Assignment: Using the listing below, please print exactly the lines from the one with "select name , certificate_id" through the one with "Aqua (вода), Coco-Glucoside". Leave out every picture.

(Beginning of Data for processing)

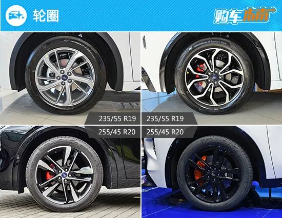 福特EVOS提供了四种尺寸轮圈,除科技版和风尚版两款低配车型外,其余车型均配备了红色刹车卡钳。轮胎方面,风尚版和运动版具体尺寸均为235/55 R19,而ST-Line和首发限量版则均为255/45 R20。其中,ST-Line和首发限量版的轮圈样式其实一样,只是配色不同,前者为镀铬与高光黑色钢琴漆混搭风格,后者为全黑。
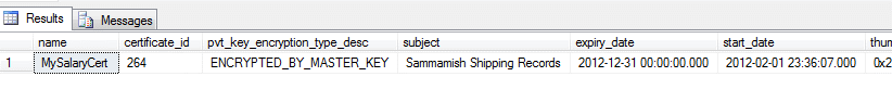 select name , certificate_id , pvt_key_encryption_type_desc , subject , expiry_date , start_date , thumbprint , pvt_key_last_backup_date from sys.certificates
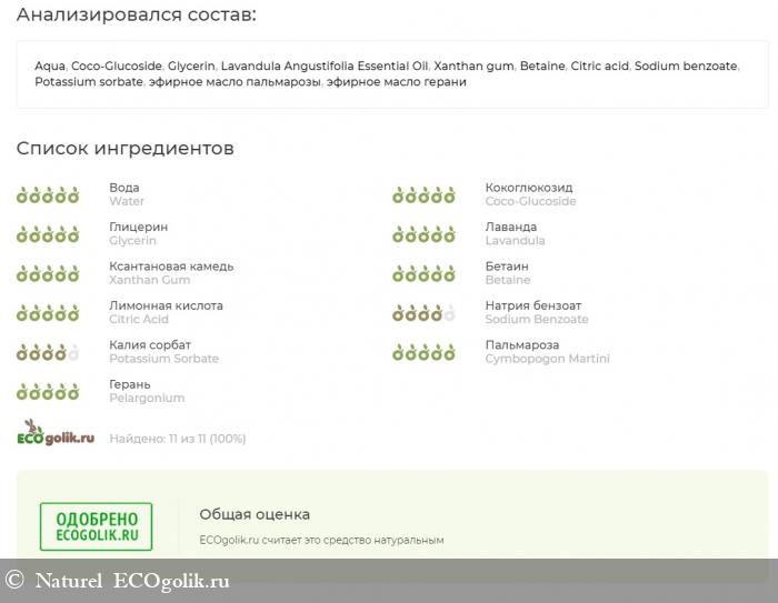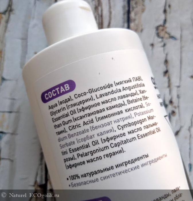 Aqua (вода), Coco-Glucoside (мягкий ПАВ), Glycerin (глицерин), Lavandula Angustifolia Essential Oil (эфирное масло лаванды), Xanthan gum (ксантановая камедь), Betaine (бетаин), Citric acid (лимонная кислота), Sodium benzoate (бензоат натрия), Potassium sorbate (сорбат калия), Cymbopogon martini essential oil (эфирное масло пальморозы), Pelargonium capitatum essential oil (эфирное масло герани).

(End of Data for processing)
(Beginning of Data for processing)

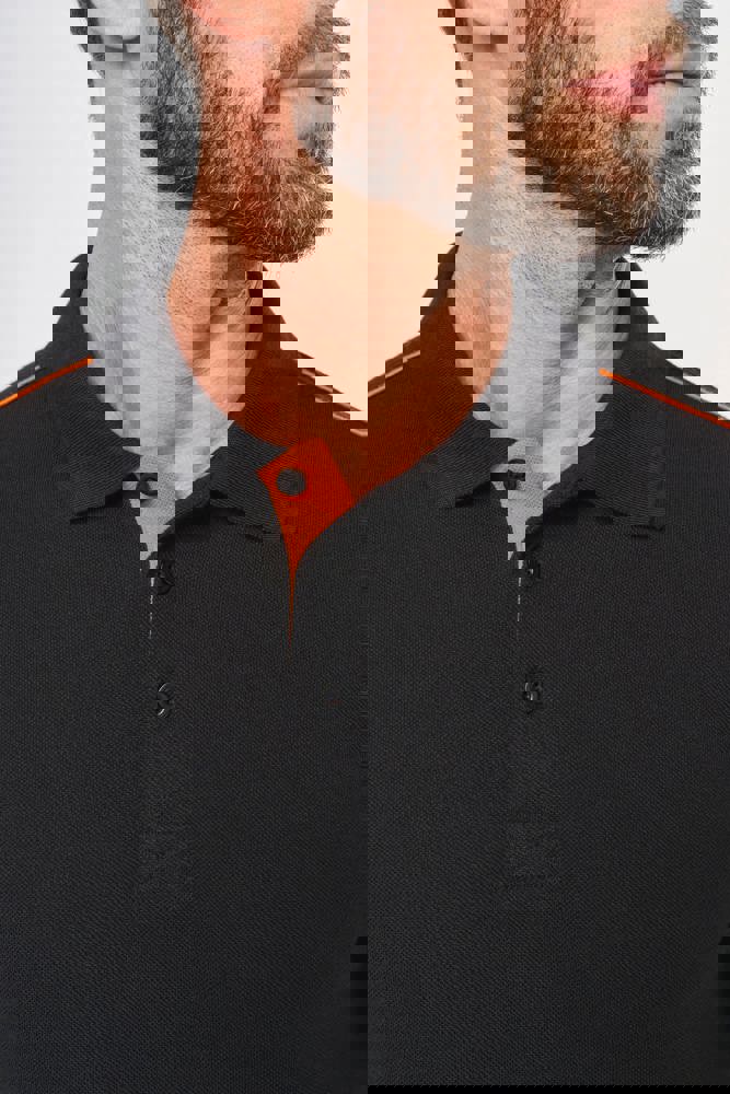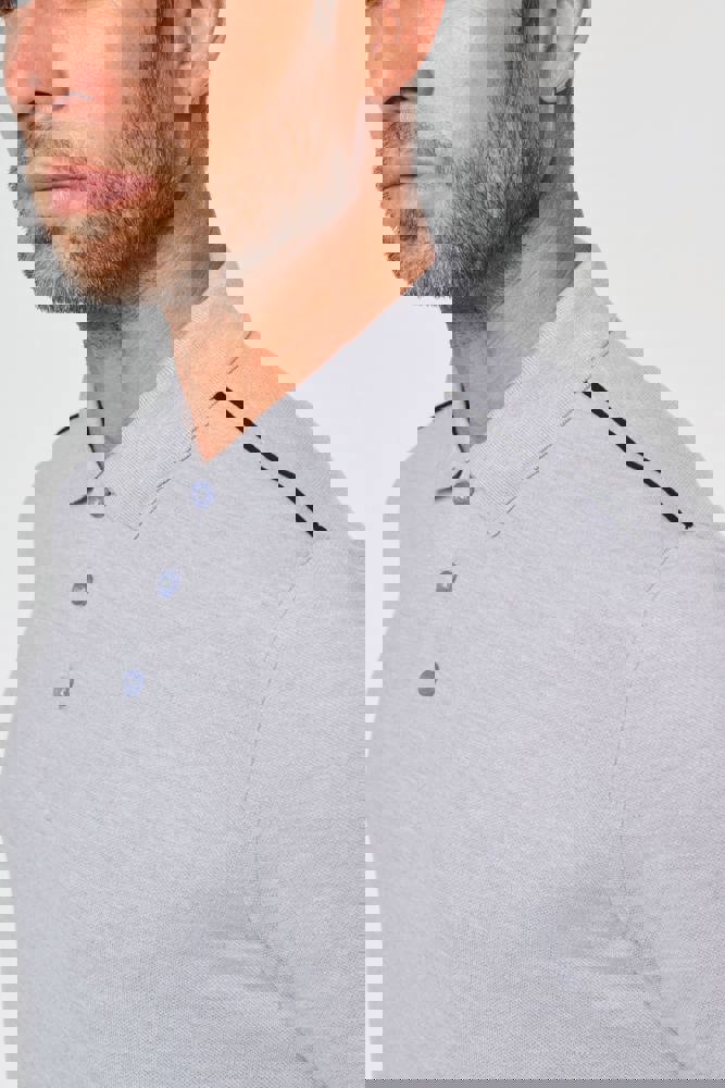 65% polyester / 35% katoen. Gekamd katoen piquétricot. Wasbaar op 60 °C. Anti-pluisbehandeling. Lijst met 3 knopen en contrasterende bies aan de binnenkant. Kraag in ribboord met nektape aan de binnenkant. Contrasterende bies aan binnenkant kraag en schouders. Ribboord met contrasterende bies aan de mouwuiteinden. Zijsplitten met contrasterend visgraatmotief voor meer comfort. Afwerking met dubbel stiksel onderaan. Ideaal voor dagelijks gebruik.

(End of Data for processing)

Solution to this task:
 select name , certificate_id , pvt_key_encryption_type_desc , subject , expiry_date , start_date , thumbprint , pvt_key_last_backup_date from sys.certificates
 Aqua (вода), Coco-Glucoside (мягкий ПАВ), Glycerin (глицерин), Lavandula Angustifolia Essential Oil (эфирное масло лаванды), Xanthan gum (ксантановая камедь), Betaine (бетаин), Citric acid (лимонная кислота), Sodium benzoate (бензоат натрия), Potassium sorbate (сорбат калия), Cymbopogon martini essential oil (эфирное масло пальморозы), Pelargonium capitatum essential oil (эфирное масло герани).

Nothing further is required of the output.